Aber was kannst du nun gegen deinen Haarausfall tun? Definitiv muss man sich nicht mit seinem Schicksal abgeben, es gibt mittlerweile viele neue Mittel und Wege um diesen wirksam entgegenwirken zu können, und um diesen im besten Fall sogar dauerhaft zu stoppen.
Wie viel Haarausfall ist eigentlich normal?
Haar ist nicht gleich Haar und auch beim Haarausfall gibt es einige Unterschiede. Erst einmal verlieren alle Menschen jeden Tag Haare.
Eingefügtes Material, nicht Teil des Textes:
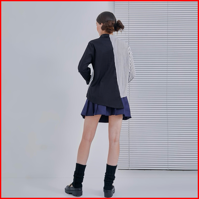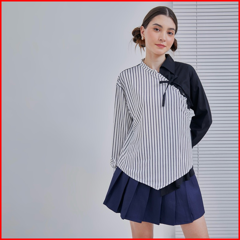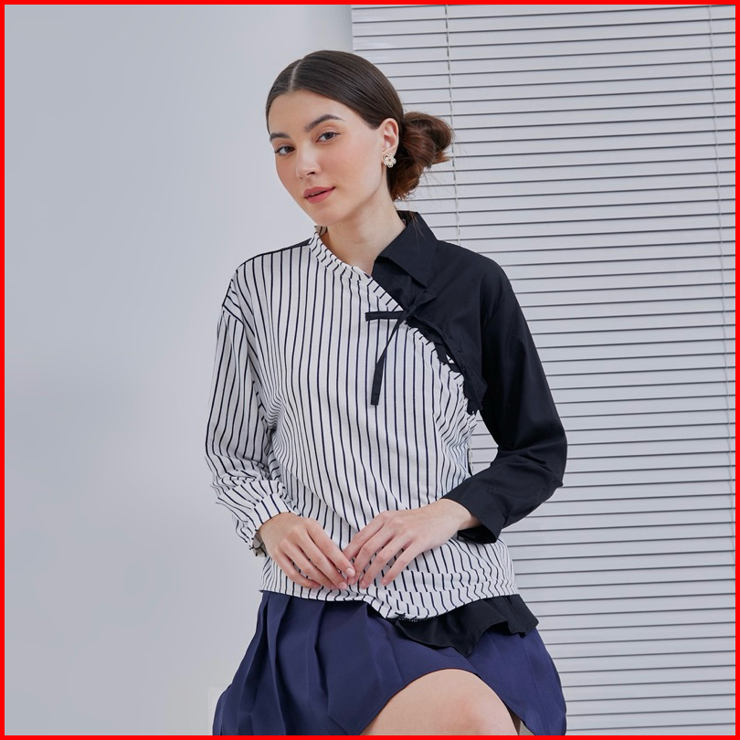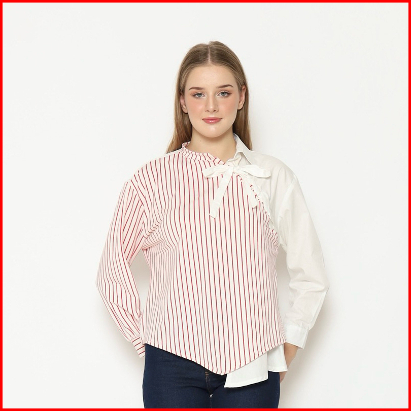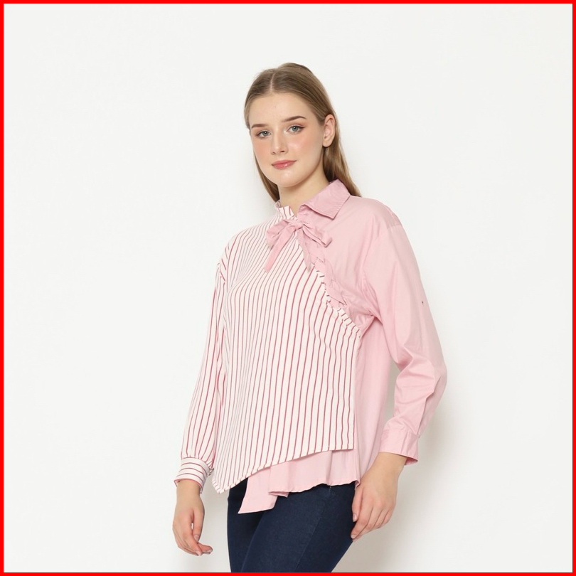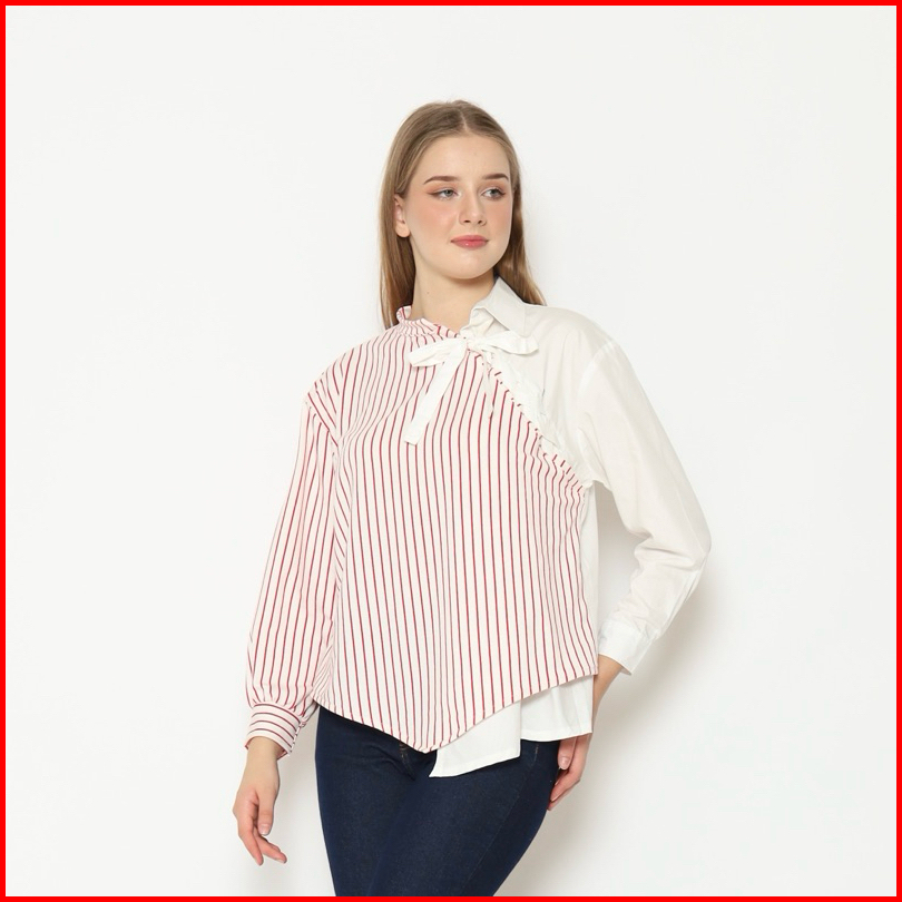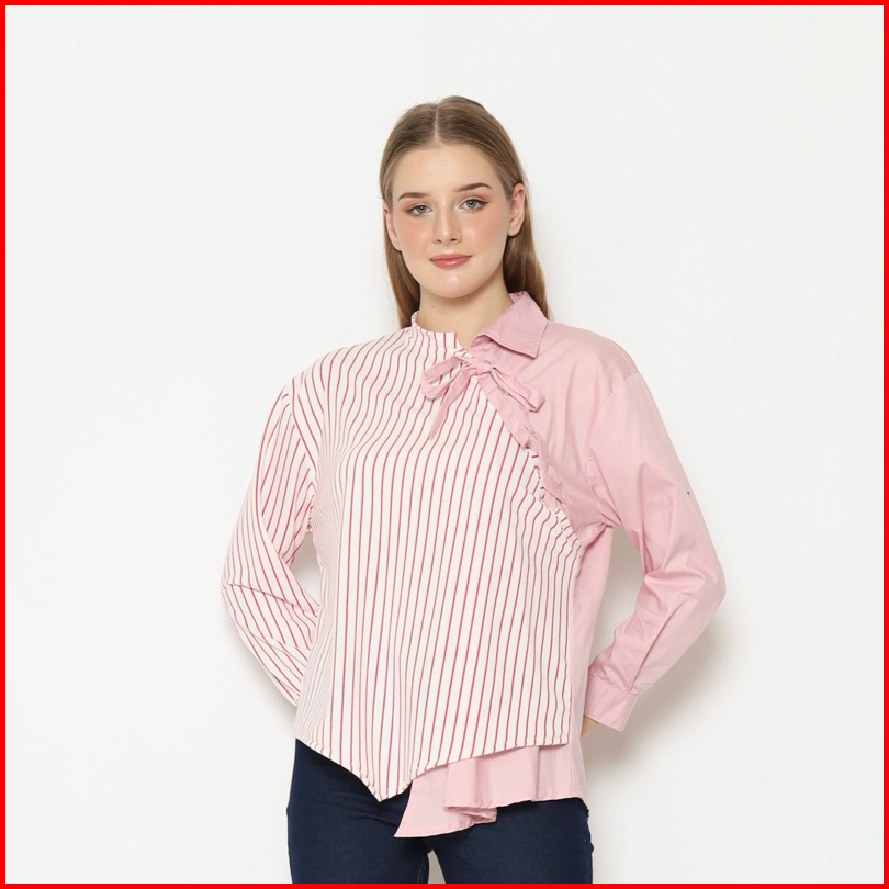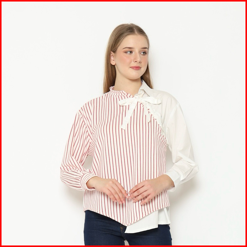 Senchi - Ayumi Stripes Combination Shirt Atasan Kemeja Salur Lucu Dengan Pita Atasan Kemeja Style Jepang Korea Atasan Ke

Es gibt dementsprechend einen ganz normalen Haarausfall.
Zwischen 70 und 100 Haare täglich landen im Durchschnitt bei jedem Menschen in Bürsten, Kämmen, Händen oder werden vom Wind davon getragen.
Entscheidend ist bei diesem normalen Haarausfall jedoch, dass die Haare ohne die Wurzel „ausfallen“. Das bedeutet, sie brechen an einer Stelle ab und wachsen im Anschluss von der Wurzel ausgehend wieder nach. Beim sichtbaren Haarausfall – auch Alopezie genannt – fallen die Haare mit der Wurzel aus. Da die Wurzeln mit ausfallen, können die Haare auch nicht mehr nachwachsen und auf diese Weise entstehen nach und nach kahle Stellen am Kopf.
Je nach Ursache für den Haarausfall kann auch die genetische Veranlagung eine Rolle spielen. Von einem wirklichen Haarausfall spricht man, wenn das Haar entweder dünner wird oder sich kleine kahle Stellen auf dem Kopf zeigen.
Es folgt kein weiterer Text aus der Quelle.